### The Forecasting Savant

Suppose you received an email from a self-proclaimed forecasting savant, advising you of a big upset in the upcoming mayoral election...and it turns out to be correct.

You then get an email picking the underdog in the next championship boxing match...which is right again.

Over the course of a few weeks you receive four more such emails, predicting outcomes that turn out to be true.

After six correct picks in a row, this savant has proven his ability, wouldn't you think? And he certainly deserves a cut of earnings on the wagers you've started placing on these forecasts, as well as a healthy gratuity for the forthcoming 7th prediction, a stock pick which is promised to make you rich.

But has the savant established his skills as a forecaster, and does he deserve a big advance for his 7th prediction? Does it make sense to take a large position in the recommended stock?

### What Would Alfred Hitchcock Do?

The above scenario (substituting mail for email) plays out in Season 3, Episode 2 of the 1950's television show, "Alfred Hitchcock Presents." Entitled "Mail Order Prophet," E.G. Marshall is the gullible (but so far money winning) recipient of the prophet's prophecies, while Jack Klugman is the skeptical office mate.

Klugman warns Marshall early on, "Don't be an idiot! Nobody can predict the future -- it's impossible." But after failing to act on the first two letters, Marshall is ahead over \$1000 placing wagers on the last four, winning them all. He seeks out Klugman's advice on the latest letter, in which the supposed savant requests remuneration for his correct predictions, and promises his next tip is for a stock that will grow 10-fold.

After commenting on Marshall's natty new suit ("Seersucker no doubt? For every seer there's gotta be a sucker") Klugman continues his rant against forecasting, "Predicting the future is a scientific impossibility!" and warns that this is some kind of scam. Yet Marshall remains convinced of his savant's infallible prescience, and "borrows" \$15,000 of company funds to buy \$30,000 worth of Athabasca Mines on margin.

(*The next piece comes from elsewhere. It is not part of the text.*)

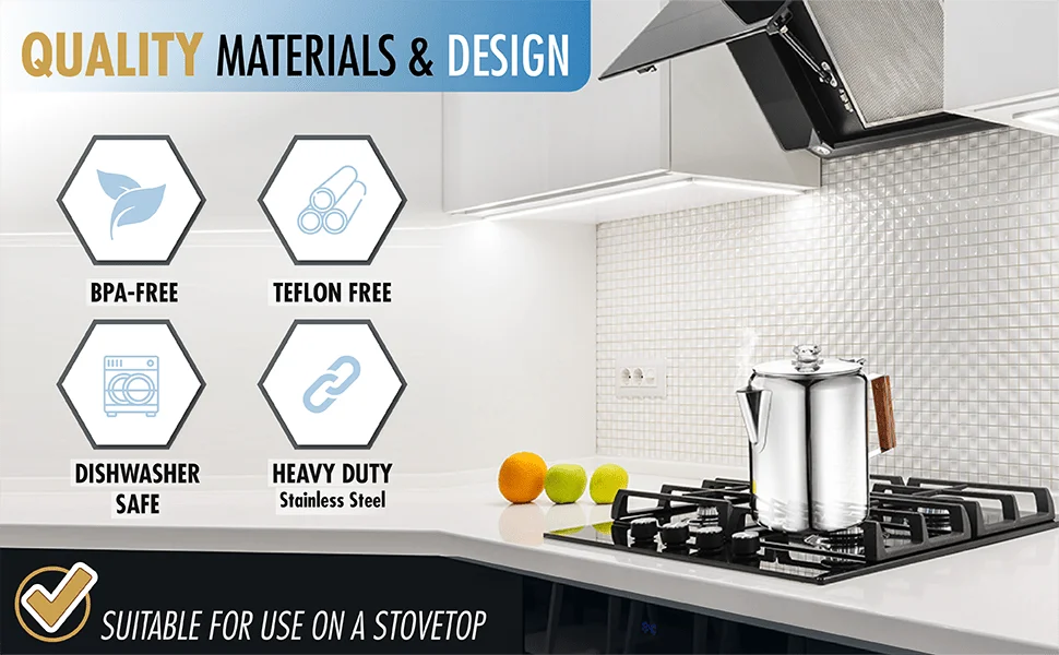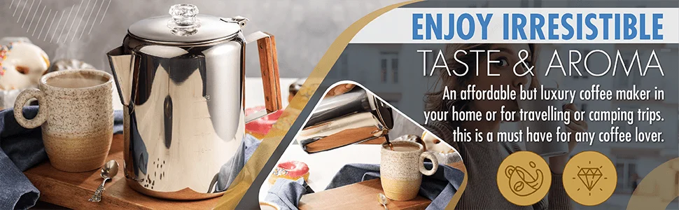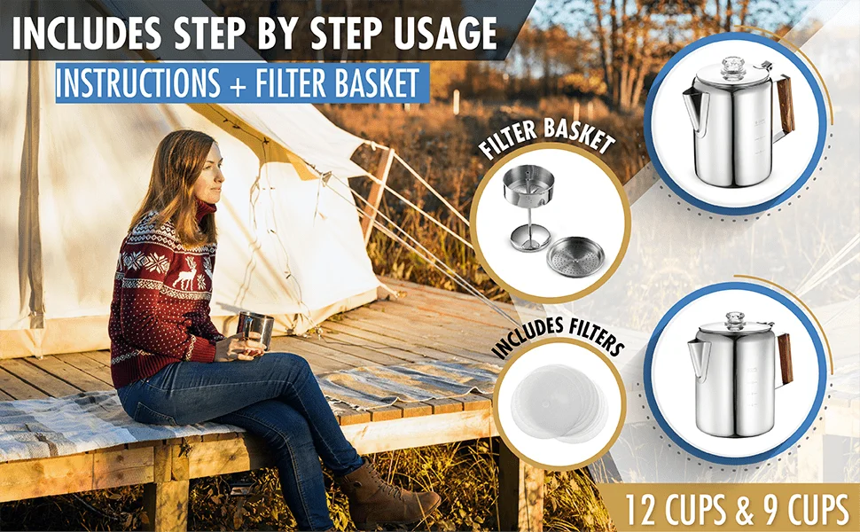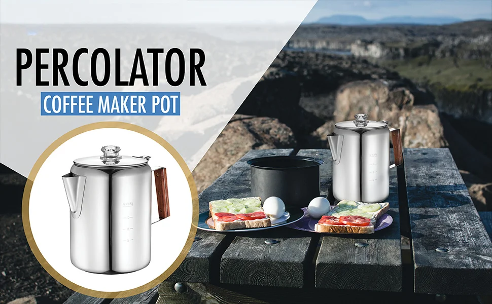 - ☕【GOOD FOR OUTDOORS OR POWER OUTAGE】The percolator is designed for outdoor & indoor use. It’s suitable for use on an camping fire, gas stovetop, electric stovetop and grill. Especially suitable for power outages due to hurricanes, you can still enjoy coffee at home. It makes the perfect addition to any home kitchen.
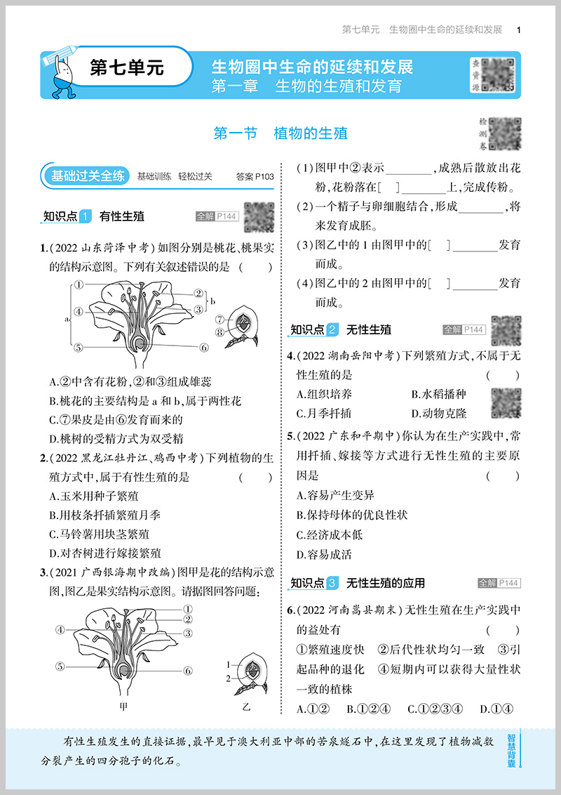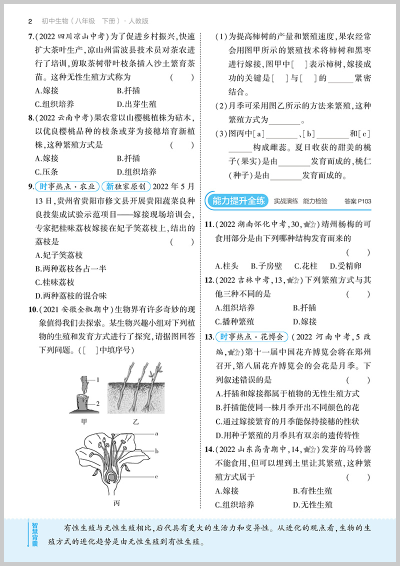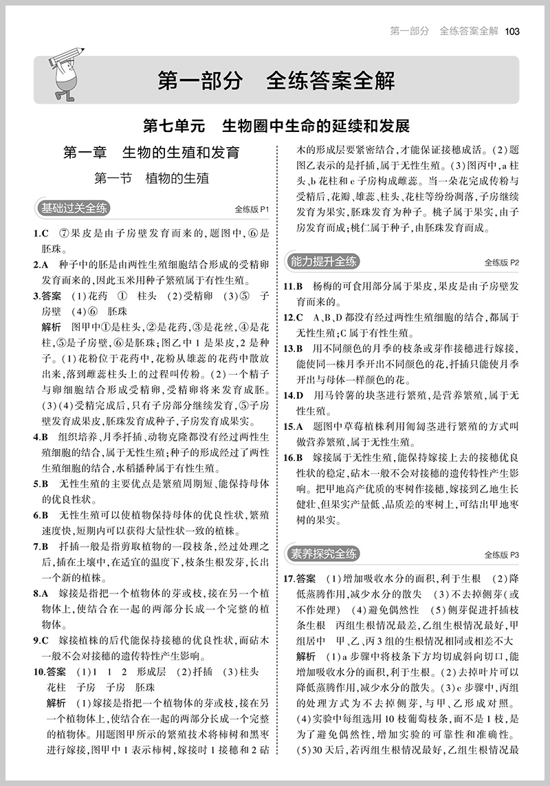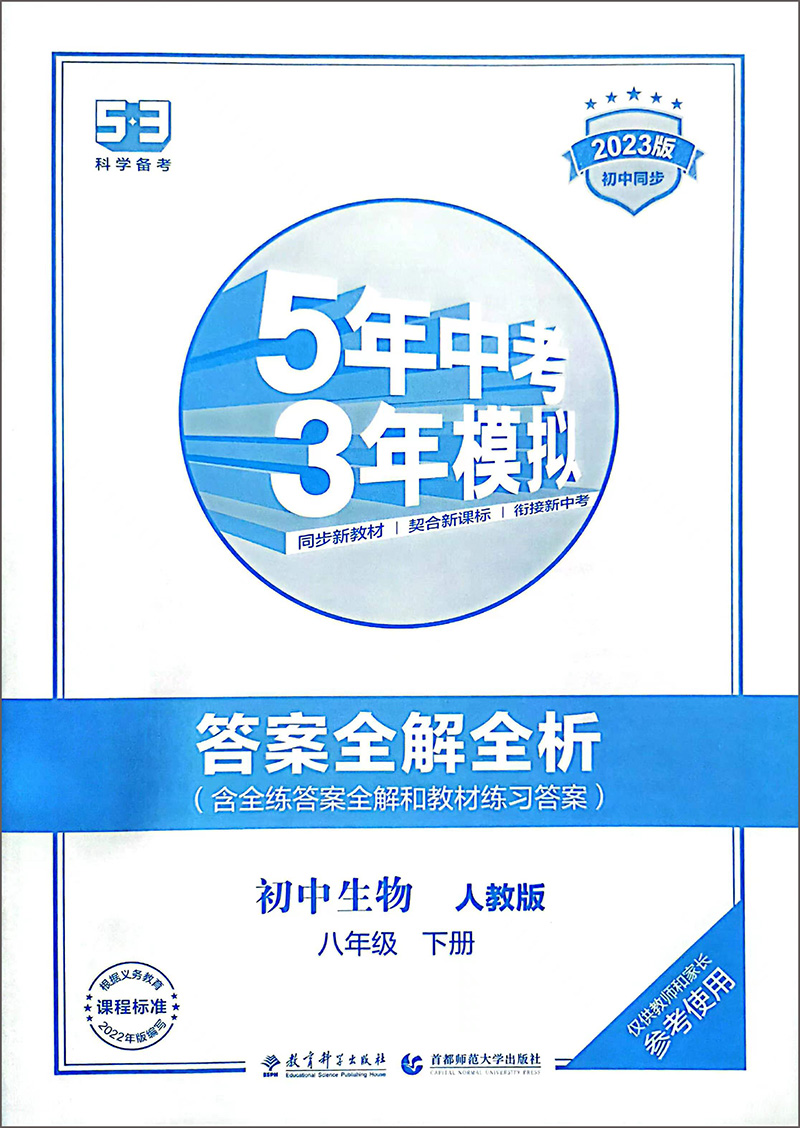 曲一线 初中生物八年级下册 人教版 2023版初中同步5年中考3年模拟

### How You Can Become a Forecasting Savant

Have you figured it out (or seen this scam before)? It goes like this:

1) Send out thousands of emails projecting one outcome to half the recipients, the opposite outcome to the other half. (E.g., incumbent wins or challenger wins.)

2) To the half who received the correct prediction, send another email, again projecting one outcome to half the recipients, and the opposite outcome to the other half.

3) Repeat...each time you'll shrink your pool of "suckers" in half, but they'll be all the more convinced of your future-seeing powers by being correct every time.

4) Monetize the process, requesting a gratuity for all the correct predictions you've made so far, with the offer of an additional forecast that will make them huge money.

5) Pocket your gratuities and flee.

### Jack Klugman's Critique of Forecasting

While I'm sympathetic to Klugman's critique ("Any intelligent man knows you can't predict the future"), it needs to be tempered just a bit. As forecasters we cannot expect to predict the future with 100% accuracy. But we can still deliver value to our organizations by assessing the uncertainty of the future, and providing guidance that can lead to improved decision making.

Paul Goodwin's recent Foresight/SAS Webinar provides many good ways of expressing forecast uncertainty, including ranges, prediction intervals, fan charts, and probability density charts. The recorded webinar "Getting Real About Uncertainty," and all previous webinars in the Foresight/SAS Webinar Series, are available for on-demand review.